Just three days later, an email from SU’s President’s Office was sent to the campus community about its inaugural 21-Day Anti-Racism Challenge to not “lose the momentum” gained by the summit’s success, Williams said.
More than 200 university members who signed up for the challenge went on to receive a 15-minute-or-less assignment — from TED Talks to podcasts to reflections — every weekday through the 21-day period.
The assignments covered topics such as intersections of power, visibility, bias, allyship and accountability, which are all available here for those who did not participate for use.
Williams said the challenge replicated an idea originally developed by Dr. Eddie Moore, who said it takes 21 consecutive days of performing a behavior to form a habit, which the CDO viewed as a pivotal first step toward inclusion.
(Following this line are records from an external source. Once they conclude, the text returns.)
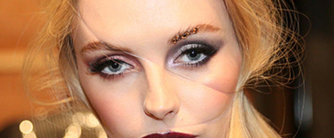 Make-up look: “The make-up look is inspired by Death Becomes Her, so we wanted to create characters - we've got Lady Gaga cross American Horror Story. We're giving the models two different eyes, two different highlights, two different everything so we have a beautiful Frankenstein. We're giving them a velvet base with Maybelline New York Dream Velvet Foundation, a dark berry lip and then glitter to highlight points on the face. We also have maximum eyelashes and a maximum smokey eye. After that, we're going to use a nylon thread around the face to give a Frankenstein appearance. Brows are very important in this and we're giving them a full almost ombre brow with stones added for drama. Lips have a vampy finish."
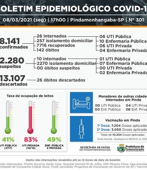 A VE registra, ainda, 34 novos casos de covid-19 e 71 pacientes recuperados. As UTIs públicas estão com ocupação de 41% e as UTIs particulares estão com ocupação de 83%. Enfermaria está com ocupação de 49%, somados os leitos públicos e particulares. Desde o início da pandemia até hoje são 8.141 moradores de Pindamonhangaba infectados pela covid-19.
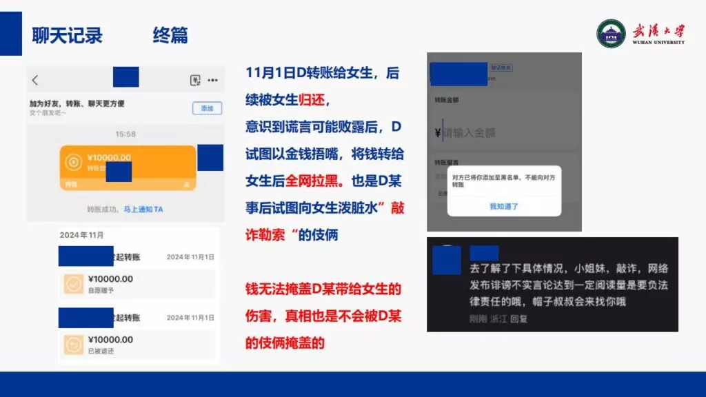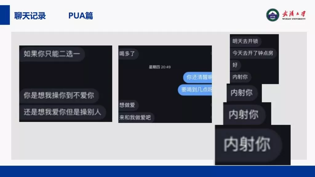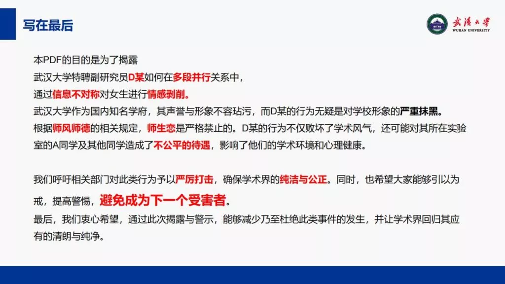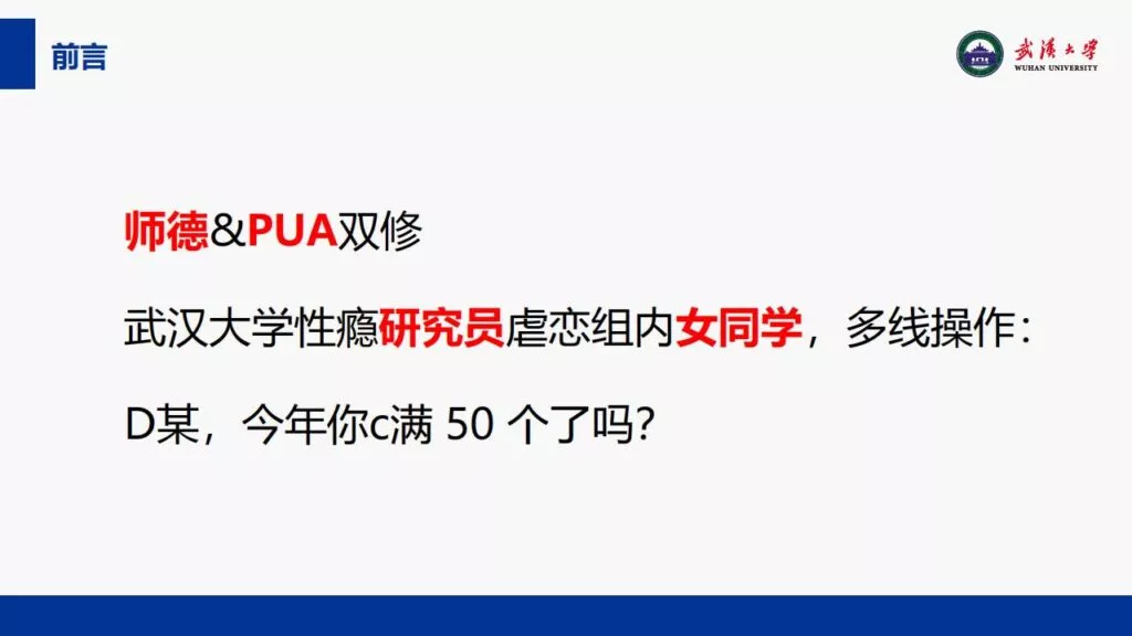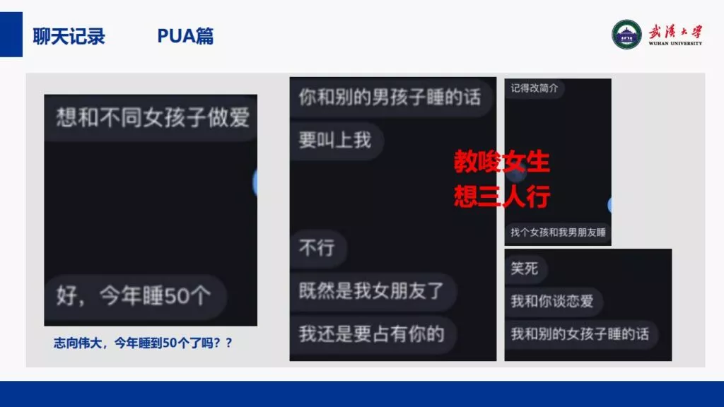 24页PPT揭露了武汉大学特聘副研究员的不当行为。他的师德败坏,令人失望,真可谓人渣中的人渣。同时,他与多名女生交往,向每位女生声称是真爱,简直可以称为顶级时间管理大师。他的一些经典言论更是毫无道德可言,彻底破坏了师德。他甚至扬言要“c满50个”。

“[Participants] were able to do it in the privacy of their own space and reflect on the topics, and I think that’s powerful [because] that then moves you into the next space to be able to talk about these things,” Williams said.
The office is now planning an open forum for the campus community in the coming weeks to discuss the experiences of the challenge and discuss how the university may proceed, though an official date has yet to be set.
An open forum would meet the requirements of a separate strategic plan objective, which calls to “[e]nhance communication in real time … on strategic issues through regular and multi-channel mechanisms that reach the entire campus.”
Other initiatives in the works include SU’s Multicultural Festival, Safe Spaces Workshop and 2021 President’s Diversity and Inclusion Awards, with nomination forms available here.
All SU’s academic schools and colleges also now have their own diversity committees for strategic planning toward the university’s diversity goals.
Williams believes there has been great engagement across university members during her brief tenure at SU and that “seeing the passion of grassroots efforts on this campus has been very encouraging.”
By JAKOB TODD
Featured image courtesy of Salisbury University Public Relations Office.